Xenograft models All animal work was conducted in accordance with the NIH Guidelines of Care and Use of Laboratory Animals and approved by Duke Institutional Animal Care and Use Committee (IACUC/A092–16–04). Immunocompromised NSG (NOD.Cg-PrkdcscidIl2rgtm1Wjl/SzJ) mice were from The Jackson Laboratories. 2 × 106 LNCaP cells (parental LNCaP, or TP53-null, mutant#1, or the mixture of the two lines with ~20% of mutant in the mixture) were suspended in 0.1 ml 1x HBSS with 50% Matrigel (Corning), and inoculated subcutaneously into the right thigh of 6–8 weeks old male mouse (two mice for each cell line or cell line mixture). The mice were sacrificed 21 days later after implantation, and tumor tissues were collected and frozen at −80 °C for gDNA or total RNA preparation. Following our implantation procedure, at the 21 day time point post implantation, the size of xenograft tumors derived from the LNCaP cell line typically ranges from 30–40 mm3, as determined by caliper measurements of tumor length (L) and width (W) according to the formula (L × W2)/2 (the sizes of xenograft tumors for the specific experiments were indicated in the legend of Fig. S7). Measurement of mutant allele frequency and relative gene expression levels were performed following the same protocol as those used for in vitro cell models. Separately, parts of tumor tissues were fixed with paraformaldehyde for paraffin embedding and H&E staining to pathologically confirm the generation of tumours.

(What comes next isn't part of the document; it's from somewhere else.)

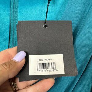 NWT Mac Duggal Jersey Puff Sleeve Cut Out Column Gown Ocean Blue 6 #7747- 48
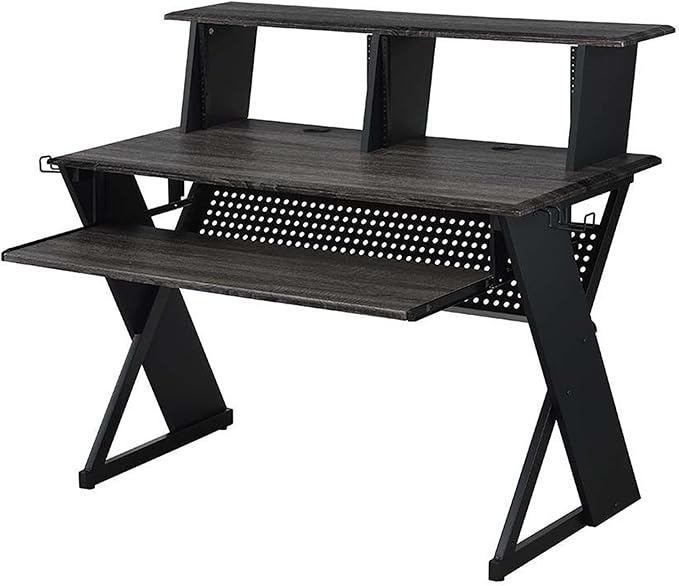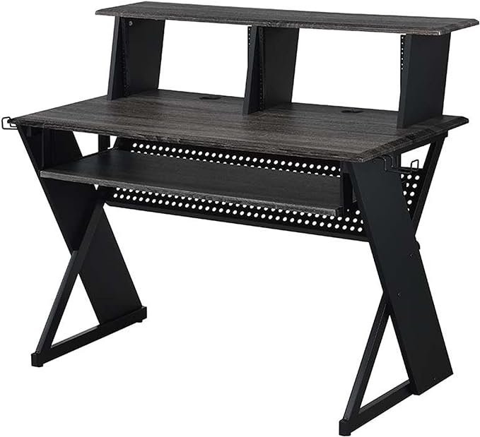 Acme Furniture Rectangular Music Desk Table with Earphone Rack, Black

Copy Number Variation analysis CNV analysis was performed using Infinium HumanCore-24 v1.0 DNA Analysis Kit (cat# WG330–2001, Illumina, San Diego, CA). For each sample, 200 ng of high quality DNA was used for experiments following the manufacturer’s Infinium HTS protocol. Briefly, the samples were denatured and amplified overnight for 20–24 hours. Fragmentation, precipitation and resuspension of the samples followed overnight incubation. After resuspension, samples were then hybridized to the Illumina Infinium Core-24 BeadChip for 16–24 hours. Finally, the BeadChips were washed to remove any unhybridized DNA and then labeled with nucleotides to extend the primers to the DNA sample. Following the Infinium HTS protocol, the BeadChips were imaged using the Illumina iScan system. The quality of data produced was checked by uploading raw data into Illumina’s Genome Studio to ensure all call rates for values of 0.98 or greater and the appropriate control graphs in Genome Studio’s Control Dashboard. Genome Studio 2.0 was used for CNV analysis. Genotyping Module 2.0 was applied and paired sample CNV analyses were calculated with the parental LNCaP cell line as the reference. Statistical confidence level of copy number in each probe was evaluated as copy number (CN) shift, where 1 denoted no copy number change and 0 denoted copy number change (gain or loss).